Mit Ihrer zweiten Platte KEIN WETTER hinterlassen Friends of Gas tiefe Spuren im Untergrund, die sich bis an die Oberfläche durchtreten werden.
Musik sollte im besten Fall die Eigenschaft haben, verschiedenste Sinne anzusprechen und den Hörer aus dem Alltag und seinem Trott zu reißen. Da ist es ein gutes Zeichen, wenn der Hörer sich selbst dabei erwischt wie er minutenlang aus eben jenem Alltag rausgerissen wird und der Musik folgt.

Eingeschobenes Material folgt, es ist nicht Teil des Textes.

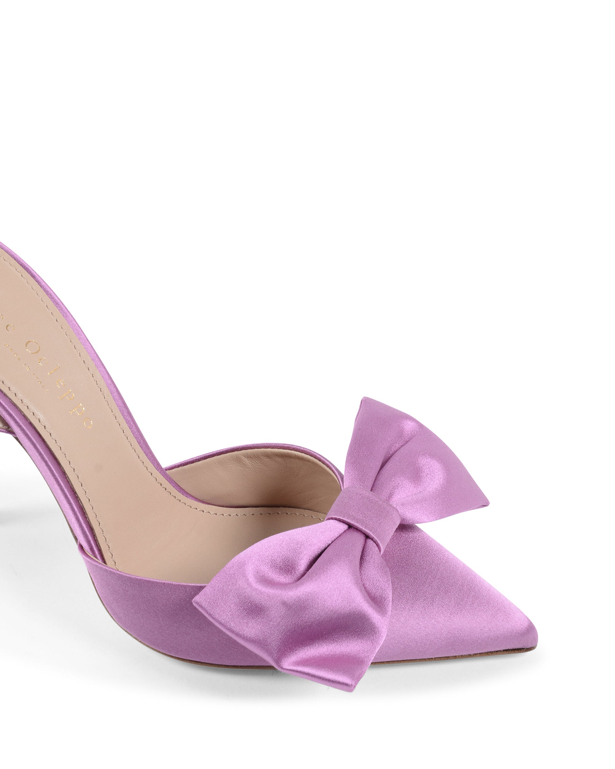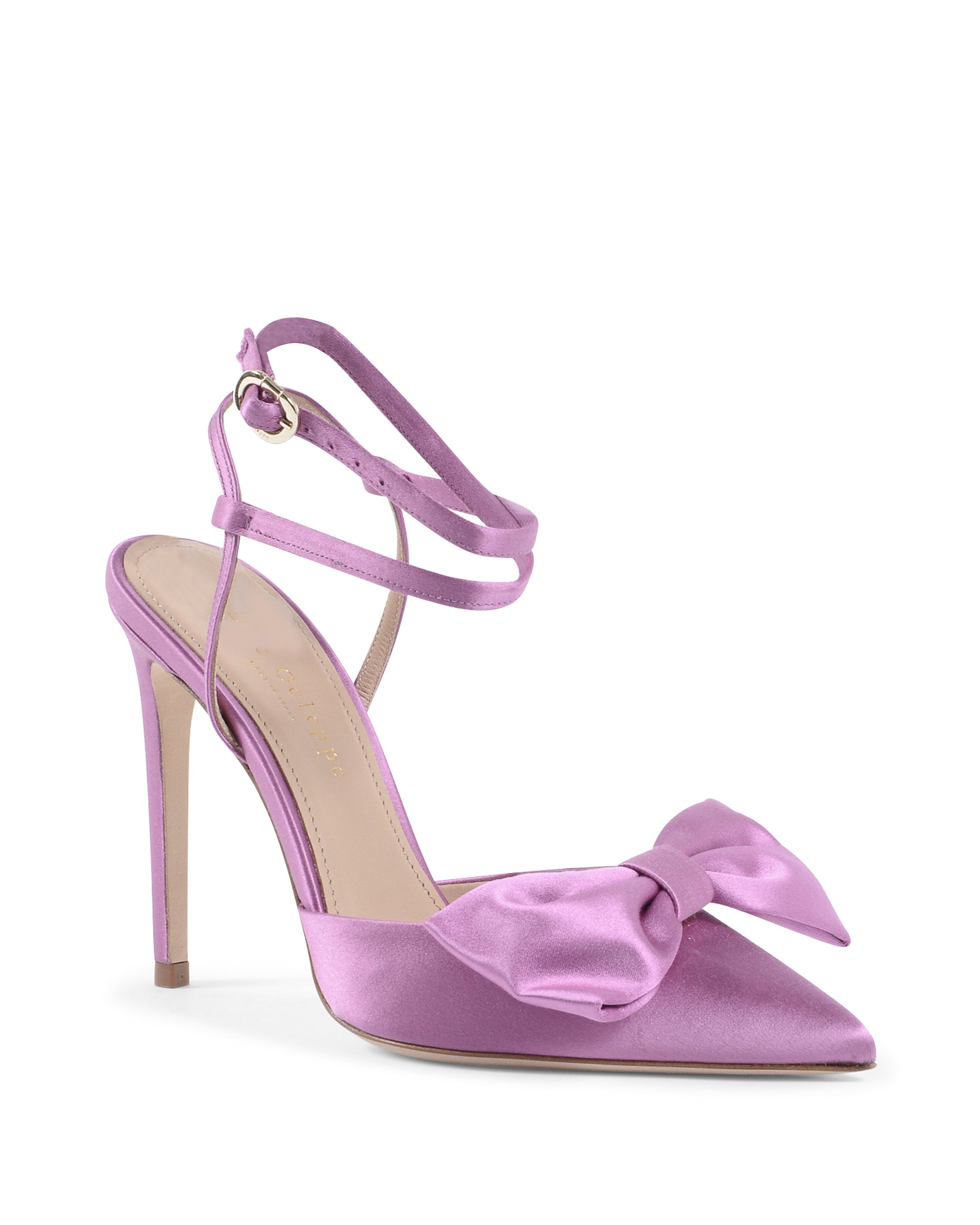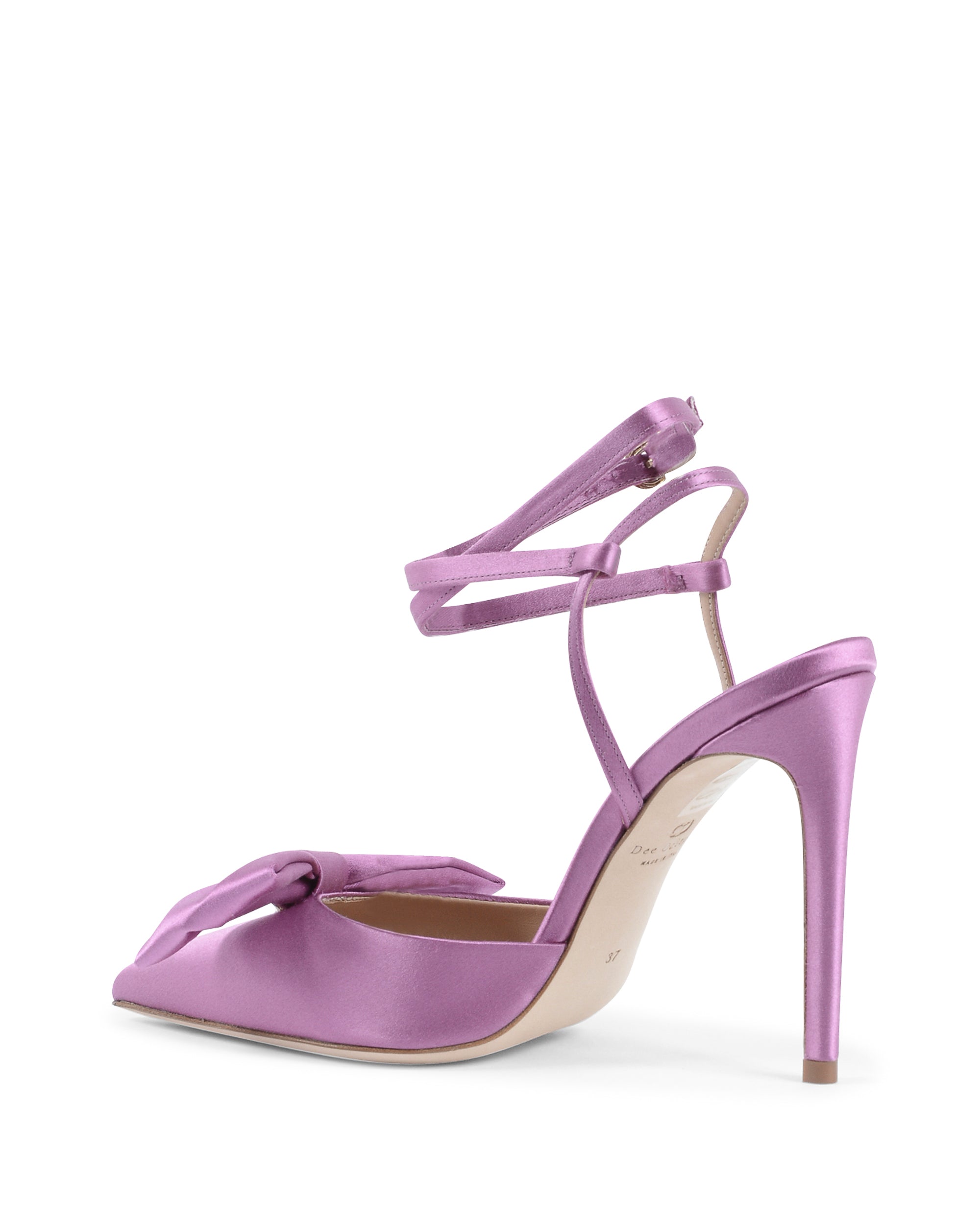 Poised for nights out in our purple satin pump, this is a shoe shape familiar to fans of the brand: the stiletto heels, tone on tone Dee logo and pointed toes. Opt for mini and midi hemlines to best accentuate the lace-up ankle ties.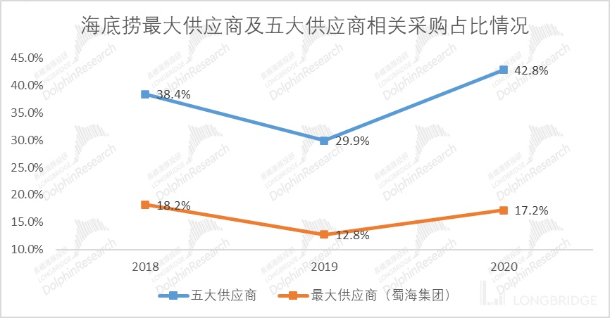值得注意的是在海底捞年报中,海底捞披露了最大关联公司蜀海的交易额。2018 年、2019 年、2020 年,该项年交易金额分别为 18.60 亿元、22.22 亿元、27.40 亿元。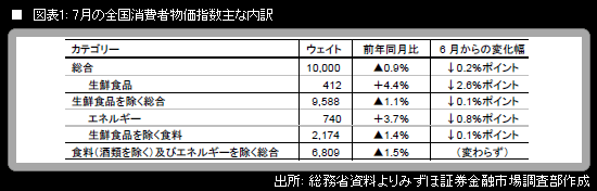 8月27日に総務省から発表された7月の全国消費者物価指数(全国CPI)は、「生鮮食品を除く総合」(コア)ベースで前年同月比▲1.1%となり、マイナス幅は前月から0.1%ポイント拡大した。コア前年同月比の押し上げには、「電気代」「都市ガス代」「被服及び履物」などが寄与。一方、押し下げには、「ガソリン」「灯油」「生鮮食品を除く食料」「外国パック旅行」「高速自動車国道料金」などが寄与した。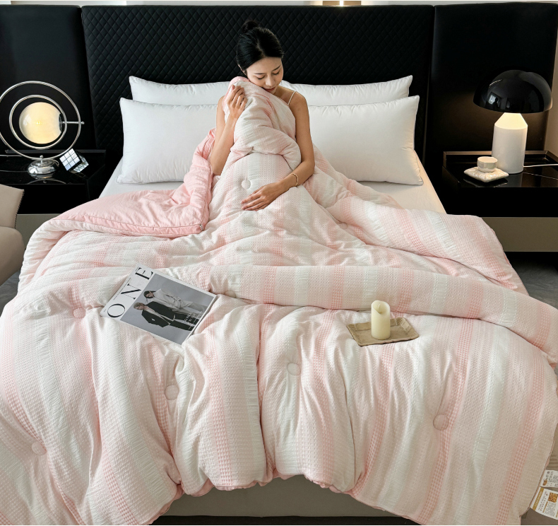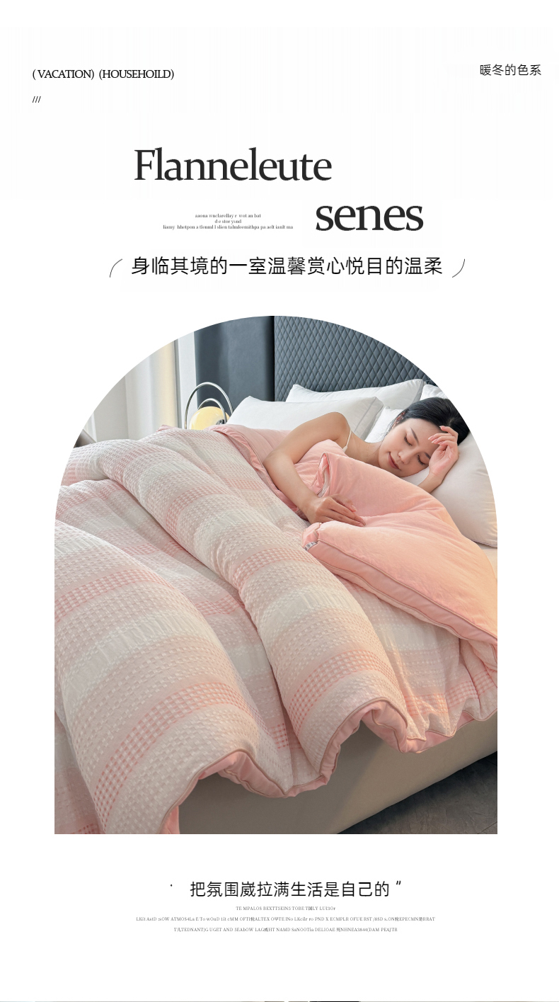 蓝冰家纺 2024新款渐变华夫格大豆被冬被 网格时代--粉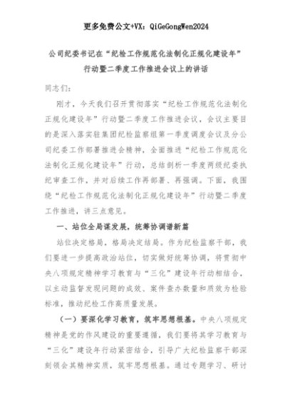 【七哥公文】2025年:公司纪委书记在“纪检工作规范化法制化正规化建设年”行动暨二季度工作推进会议上的讲话+更多免费公文+VX:QiGeGongWen2024+更多免费公文+VX:QiGeGongWen2024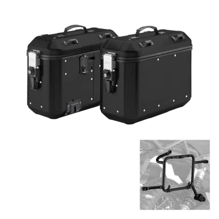 The lateral suitcases are provided with a specific frame, developed to be compatible with the for BMW R 1200 GS produced from 2017 to 2018. This solution allows a precise and integrated installation, ensuring that the suitcases adapt perfectly to the structure of the motorcycle. The use of a dedicated frame guarantees stability while traveling and minimizes any anomalous stresses on the main frame and on the fixing points.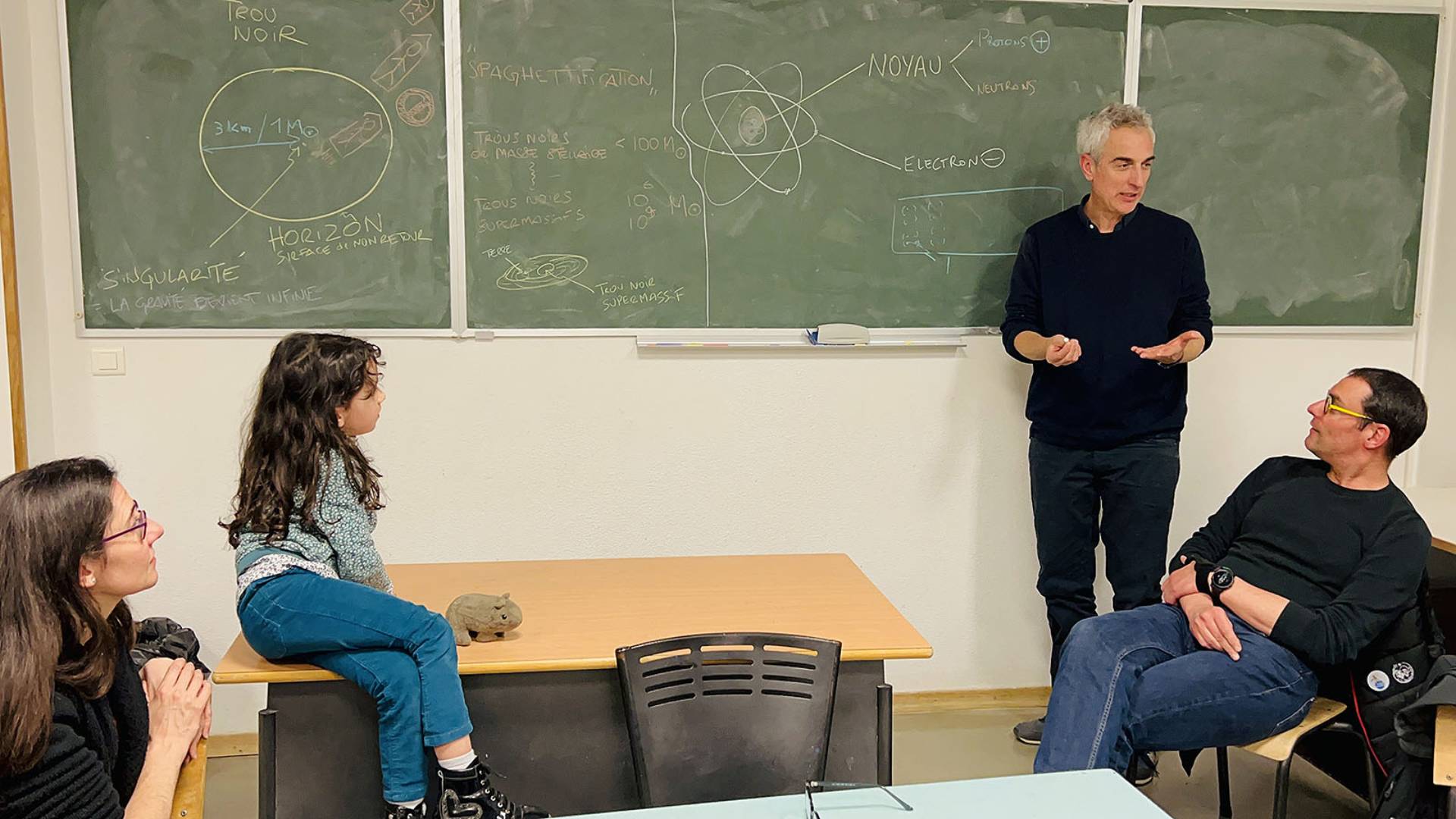 Matteo Barsuglia, Giulia Vannoni (du Centre Cosmos, Sciences et Sociétés) et le Docteur Alexis Mosca (de l’hôpital Robert Debré). Crédit photo : ©Association Robert Debré.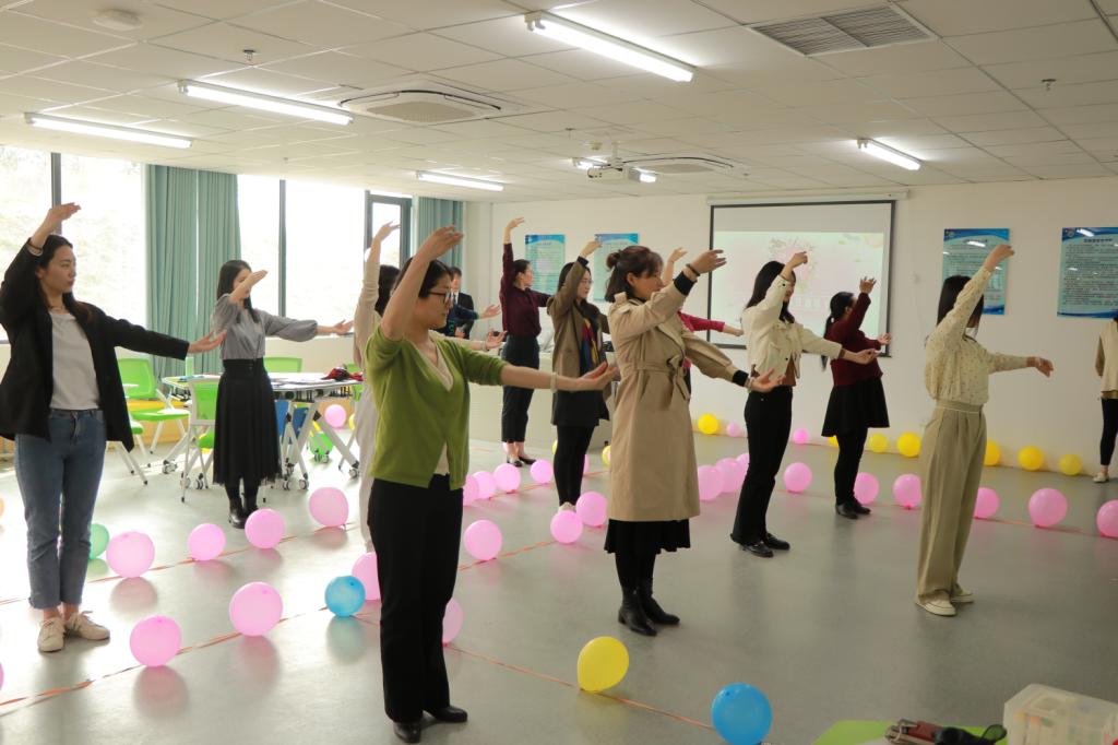 教师学习礼仪操,体验礼仪之优美。第二项活动是陈芳老师的礼仪操实践,在广大女性教职工的热切期盼中,陈芳老师开始了礼仪操的展示与现场指导,她认真仔细地对每一个肢体动作做详细讲解,并以标准优雅的动作给女老师们做出示范,大家在轻松愉悦的氛围中练习礼仪操,努力做一个优雅、亲和、温柔知礼的女教师。此项活动对女教师们提高自我修养、强化礼仪观念起到了积极的引导作用。
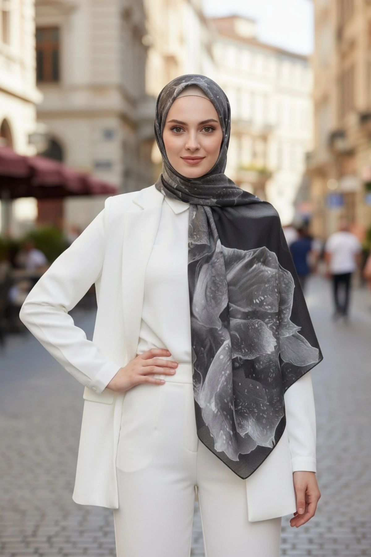 Mavi ve gri tonlarda büyük floral detaylarla tasarlanan Mireya; gerçekçi çiçek çizimleriyle hem şiirsel hem sofistike bir duruş sunar. Beyaz zeminle kontrast oluşturan bu desen, sade kombinlere güçlü bir dokunuş katar. Hafif dokusu ve akışkan yapısıyla gün boyu konfor sağlar.
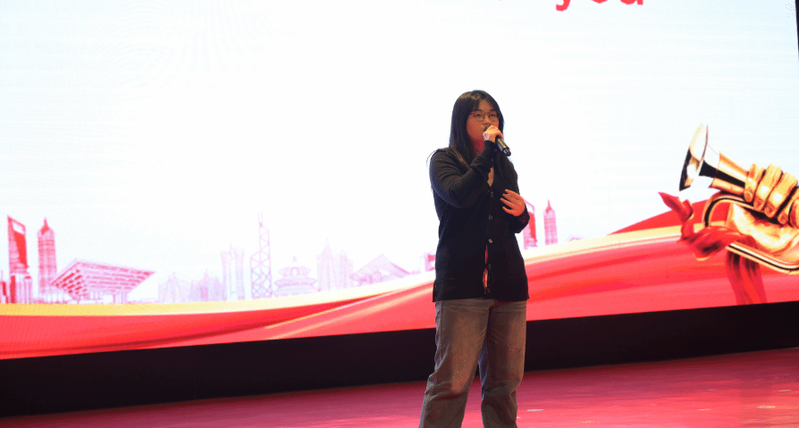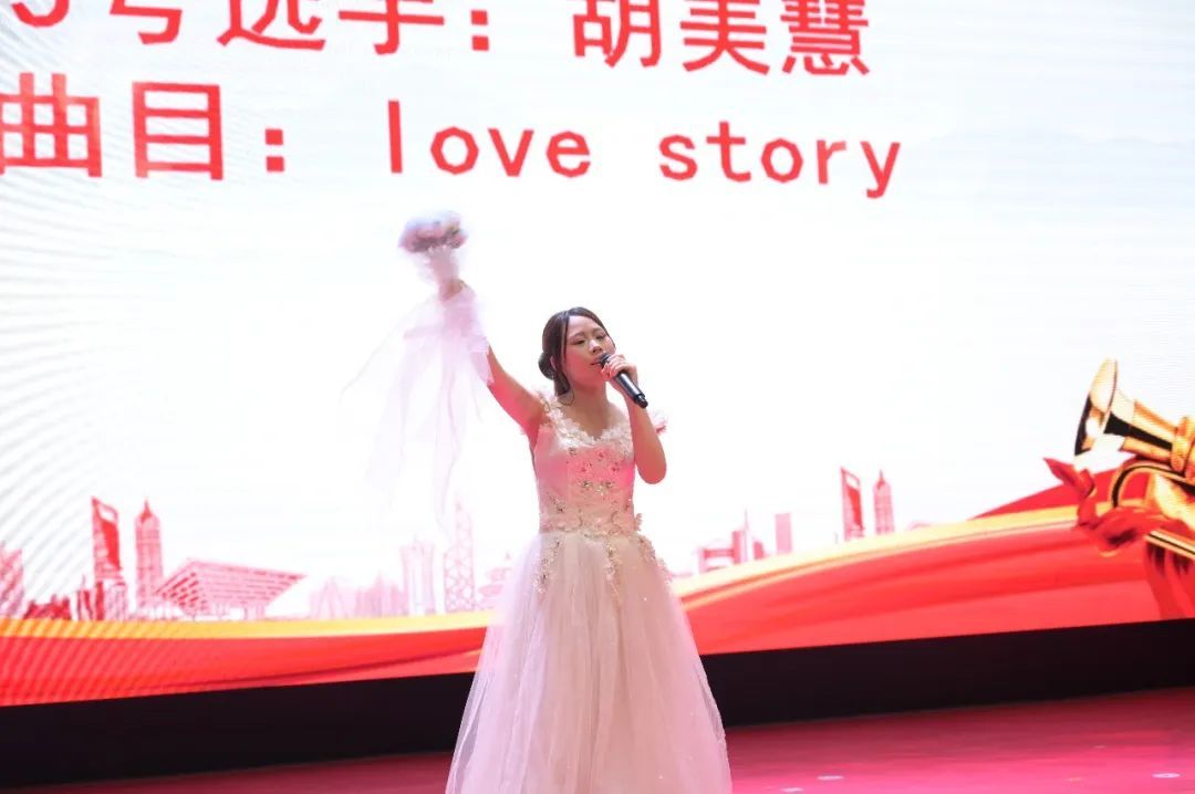 高三(1)班的胡美慧演唱了《Love story》,她热情洋溢地与全场同学们互动,带动了全场同学们欢呼、鼓掌,会场气氛再次达到高潮。

„Kapital oder Kapitulieren“
Letzteres ist der Fall bei der zweiten Platte KEIN WETTER der Münchener Band Friends of Gas. Reihten sie sich mit ihrem Debüt FATAL SCHWACH bereits in eine Riege großartiger Noiserock- und Post-Punkbands wie Die Nerven oder Messer ein, führen sie die Lust am Experimentieren auf ihrer zweiten Platte weiter aus. Die Songs pendeln zwischen schweren, langsam-mäandrierenden Noisewerken, in denen sich Bass und Gitarre auf bizarre Wechselspiele einlassen und relativ straighten Grungesongs, die an die frühen Sonic Youth erinnern („Blaiberg“). Teilweise fordernd im Sound, wird KEIN WETTER jedoch zwingend und einnehmend durch den kratzig- kehligen Gesang von Nina Walser. Eine Stimme, die wie eine Mischung aus Kim Gordon und Lydia Lynch klingt, bei der man nicht weiß, ob sie so kratzig ist, weil sie lange geschwiegen hat oder gerade die Menschen im Proseminar Politische Ökonomie nieder diskutiert hat. Mit einer Mischung aus Nüchternheit und Spott beschreibt sie den Mensch als Spielball des globalen Kapitalismus, der selbst vor dieser Einsicht kapituliert, weil es zu verwirrend, vielleicht zu groß für den Einzelnen in der Analyse ist.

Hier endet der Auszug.